Work to be completed
For the records below, copy exactly the span that begins at the line containing "グリーホールディングス<36" and stops after the line containing "- Teco Pottery", minus any pictures.

Exercise data
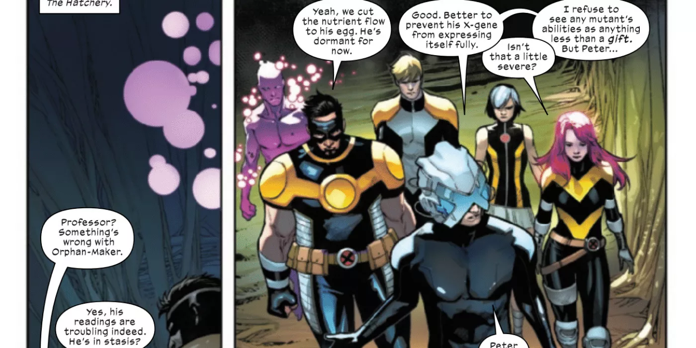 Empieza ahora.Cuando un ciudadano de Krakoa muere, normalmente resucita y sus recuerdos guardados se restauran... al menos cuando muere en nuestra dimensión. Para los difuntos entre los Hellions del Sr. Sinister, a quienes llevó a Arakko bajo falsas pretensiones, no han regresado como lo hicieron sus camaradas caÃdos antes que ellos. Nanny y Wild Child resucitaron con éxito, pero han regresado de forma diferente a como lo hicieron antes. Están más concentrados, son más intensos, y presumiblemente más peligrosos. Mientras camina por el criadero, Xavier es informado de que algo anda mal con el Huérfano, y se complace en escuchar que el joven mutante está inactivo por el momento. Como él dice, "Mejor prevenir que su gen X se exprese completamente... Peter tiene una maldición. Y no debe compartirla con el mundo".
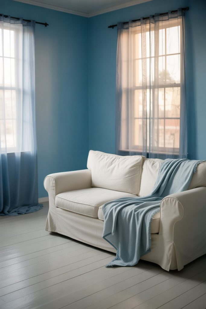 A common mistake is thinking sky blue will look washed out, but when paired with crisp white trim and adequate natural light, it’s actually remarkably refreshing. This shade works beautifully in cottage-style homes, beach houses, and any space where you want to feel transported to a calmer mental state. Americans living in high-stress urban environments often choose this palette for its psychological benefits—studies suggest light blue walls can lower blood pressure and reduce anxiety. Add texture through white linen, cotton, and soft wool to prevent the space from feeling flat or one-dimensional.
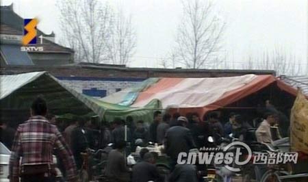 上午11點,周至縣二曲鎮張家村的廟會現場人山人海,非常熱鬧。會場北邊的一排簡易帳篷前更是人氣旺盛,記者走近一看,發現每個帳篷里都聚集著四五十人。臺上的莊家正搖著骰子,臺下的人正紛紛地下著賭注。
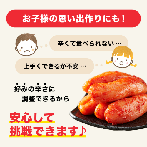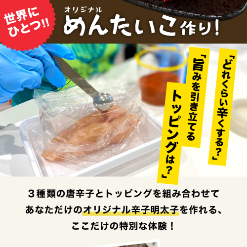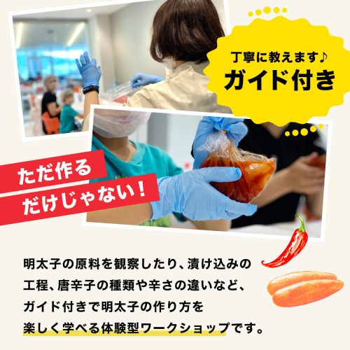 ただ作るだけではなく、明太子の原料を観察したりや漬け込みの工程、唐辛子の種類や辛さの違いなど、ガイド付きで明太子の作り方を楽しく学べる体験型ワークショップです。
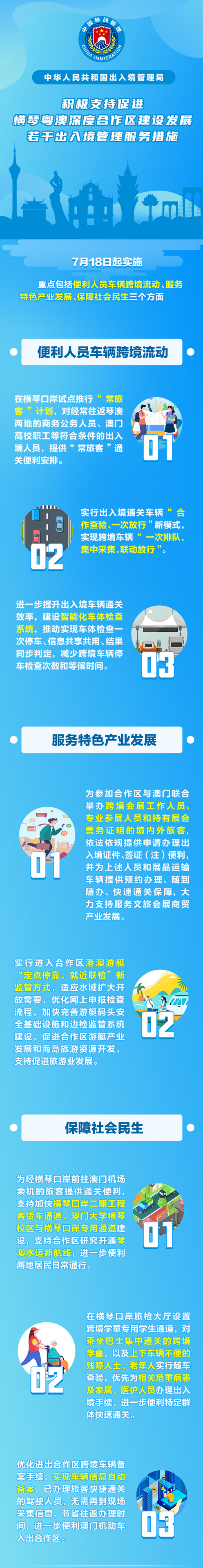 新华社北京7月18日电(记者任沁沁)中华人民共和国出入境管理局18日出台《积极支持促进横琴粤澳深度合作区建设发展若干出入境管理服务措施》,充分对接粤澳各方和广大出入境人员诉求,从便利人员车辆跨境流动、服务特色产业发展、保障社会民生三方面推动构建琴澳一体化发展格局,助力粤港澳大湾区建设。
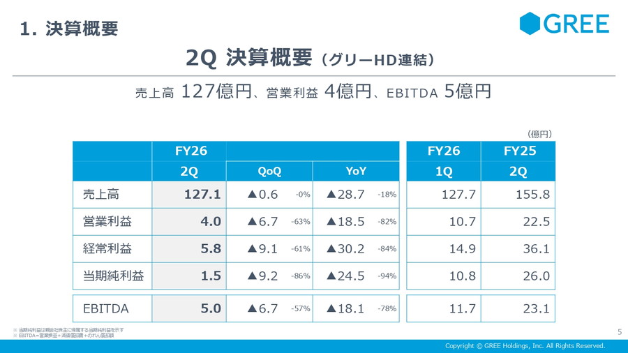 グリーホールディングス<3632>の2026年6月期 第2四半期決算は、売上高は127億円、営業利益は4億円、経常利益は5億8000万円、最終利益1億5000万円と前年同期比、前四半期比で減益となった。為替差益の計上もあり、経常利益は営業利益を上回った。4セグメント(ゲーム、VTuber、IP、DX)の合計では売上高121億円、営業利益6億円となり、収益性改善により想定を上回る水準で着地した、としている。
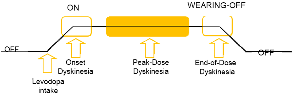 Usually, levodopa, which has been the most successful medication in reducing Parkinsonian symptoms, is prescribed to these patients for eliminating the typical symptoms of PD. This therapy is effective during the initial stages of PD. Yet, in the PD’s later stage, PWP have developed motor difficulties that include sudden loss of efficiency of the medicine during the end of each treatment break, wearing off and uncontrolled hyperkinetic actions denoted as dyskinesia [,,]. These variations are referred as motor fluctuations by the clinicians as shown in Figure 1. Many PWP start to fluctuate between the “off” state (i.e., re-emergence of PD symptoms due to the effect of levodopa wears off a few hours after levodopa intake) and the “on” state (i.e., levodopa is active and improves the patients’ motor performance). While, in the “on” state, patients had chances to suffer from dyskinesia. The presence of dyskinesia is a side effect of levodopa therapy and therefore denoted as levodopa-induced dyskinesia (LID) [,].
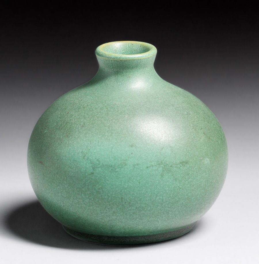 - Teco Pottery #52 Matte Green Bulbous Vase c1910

---

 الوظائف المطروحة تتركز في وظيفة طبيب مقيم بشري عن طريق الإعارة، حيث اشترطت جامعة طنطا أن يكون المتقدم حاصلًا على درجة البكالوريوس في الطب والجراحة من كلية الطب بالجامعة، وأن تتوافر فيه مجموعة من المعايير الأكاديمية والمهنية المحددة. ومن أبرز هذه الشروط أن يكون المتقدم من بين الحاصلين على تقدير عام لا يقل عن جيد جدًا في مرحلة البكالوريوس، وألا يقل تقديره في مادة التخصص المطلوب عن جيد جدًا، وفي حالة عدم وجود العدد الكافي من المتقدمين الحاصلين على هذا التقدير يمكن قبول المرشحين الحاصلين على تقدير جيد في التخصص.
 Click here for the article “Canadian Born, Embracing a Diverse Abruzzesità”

---

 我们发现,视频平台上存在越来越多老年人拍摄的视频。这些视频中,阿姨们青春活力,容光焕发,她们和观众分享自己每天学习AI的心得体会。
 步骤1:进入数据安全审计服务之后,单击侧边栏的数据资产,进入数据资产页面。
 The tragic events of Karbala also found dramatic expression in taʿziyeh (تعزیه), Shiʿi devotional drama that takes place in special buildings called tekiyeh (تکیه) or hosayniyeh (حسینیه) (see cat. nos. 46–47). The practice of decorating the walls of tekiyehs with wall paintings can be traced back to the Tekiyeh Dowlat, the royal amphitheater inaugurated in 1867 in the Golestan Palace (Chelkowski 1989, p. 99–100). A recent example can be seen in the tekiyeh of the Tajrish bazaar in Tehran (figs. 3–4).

Completed exercise
 グリーホールディングス<3632>の2026年6月期 第2四半期決算は、売上高は127億円、営業利益は4億円、経常利益は5億8000万円、最終利益1億5000万円と前年同期比、前四半期比で減益となった。為替差益の計上もあり、経常利益は営業利益を上回った。4セグメント(ゲーム、VTuber、IP、DX)の合計では売上高121億円、営業利益6億円となり、収益性改善により想定を上回る水準で着地した、としている。
 Usually, levodopa, which has been the most successful medication in reducing Parkinsonian symptoms, is prescribed to these patients for eliminating the typical symptoms of PD. This therapy is effective during the initial stages of PD. Yet, in the PD’s later stage, PWP have developed motor difficulties that include sudden loss of efficiency of the medicine during the end of each treatment break, wearing off and uncontrolled hyperkinetic actions denoted as dyskinesia [,,]. These variations are referred as motor fluctuations by the clinicians as shown in Figure 1. Many PWP start to fluctuate between the “off” state (i.e., re-emergence of PD symptoms due to the effect of levodopa wears off a few hours after levodopa intake) and the “on” state (i.e., levodopa is active and improves the patients’ motor performance). While, in the “on” state, patients had chances to suffer from dyskinesia. The presence of dyskinesia is a side effect of levodopa therapy and therefore denoted as levodopa-induced dyskinesia (LID) [,].
 - Teco Pottery #52 Matte Green Bulbous Vase c1910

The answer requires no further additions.